⟨

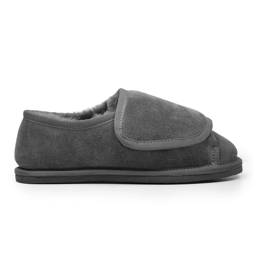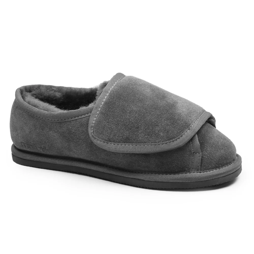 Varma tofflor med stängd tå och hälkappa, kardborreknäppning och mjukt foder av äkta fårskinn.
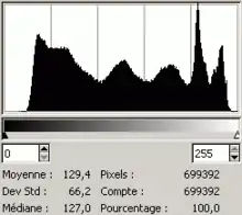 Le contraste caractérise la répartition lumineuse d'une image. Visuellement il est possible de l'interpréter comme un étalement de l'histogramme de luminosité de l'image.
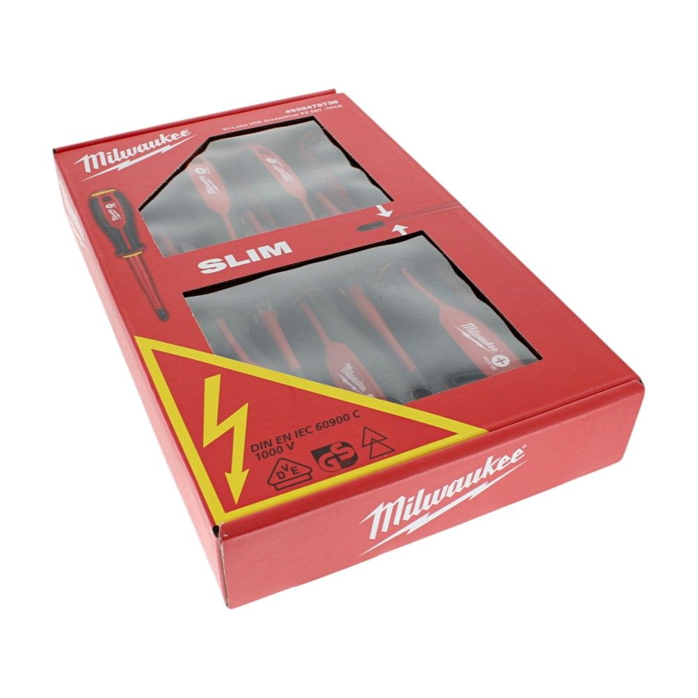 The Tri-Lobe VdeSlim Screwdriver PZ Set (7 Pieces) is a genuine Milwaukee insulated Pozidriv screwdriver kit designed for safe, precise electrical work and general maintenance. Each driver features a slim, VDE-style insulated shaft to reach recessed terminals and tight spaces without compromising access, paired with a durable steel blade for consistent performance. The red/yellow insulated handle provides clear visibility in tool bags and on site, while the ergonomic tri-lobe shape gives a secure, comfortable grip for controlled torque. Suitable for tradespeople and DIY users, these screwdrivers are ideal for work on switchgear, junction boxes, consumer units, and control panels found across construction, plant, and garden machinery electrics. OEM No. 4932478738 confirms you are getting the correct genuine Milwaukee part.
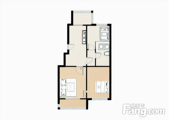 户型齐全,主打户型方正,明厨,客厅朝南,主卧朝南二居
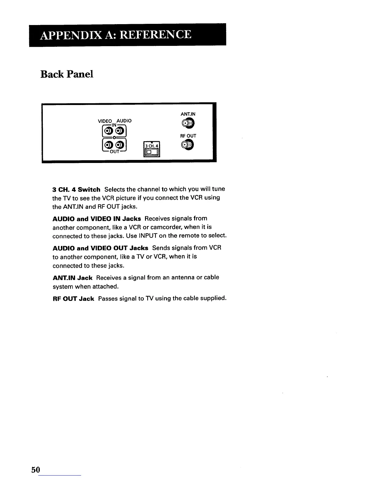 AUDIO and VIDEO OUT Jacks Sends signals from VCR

⟩

Produce a word-for-word version of the material, with no pictures included.

 Varma tofflor med stängd tå och hälkappa, kardborreknäppning och mjukt foder av äkta fårskinn.
 Le contraste caractérise la répartition lumineuse d'une image. Visuellement il est possible de l'interpréter comme un étalement de l'histogramme de luminosité de l'image.
 The Tri-Lobe VdeSlim Screwdriver PZ Set (7 Pieces) is a genuine Milwaukee insulated Pozidriv screwdriver kit designed for safe, precise electrical work and general maintenance. Each driver features a slim, VDE-style insulated shaft to reach recessed terminals and tight spaces without compromising access, paired with a durable steel blade for consistent performance. The red/yellow insulated handle provides clear visibility in tool bags and on site, while the ergonomic tri-lobe shape gives a secure, comfortable grip for controlled torque. Suitable for tradespeople and DIY users, these screwdrivers are ideal for work on switchgear, junction boxes, consumer units, and control panels found across construction, plant, and garden machinery electrics. OEM No. 4932478738 confirms you are getting the correct genuine Milwaukee part.
 户型齐全,主打户型方正,明厨,客厅朝南,主卧朝南二居
 AUDIO and VIDEO OUT Jacks Sends signals from VCR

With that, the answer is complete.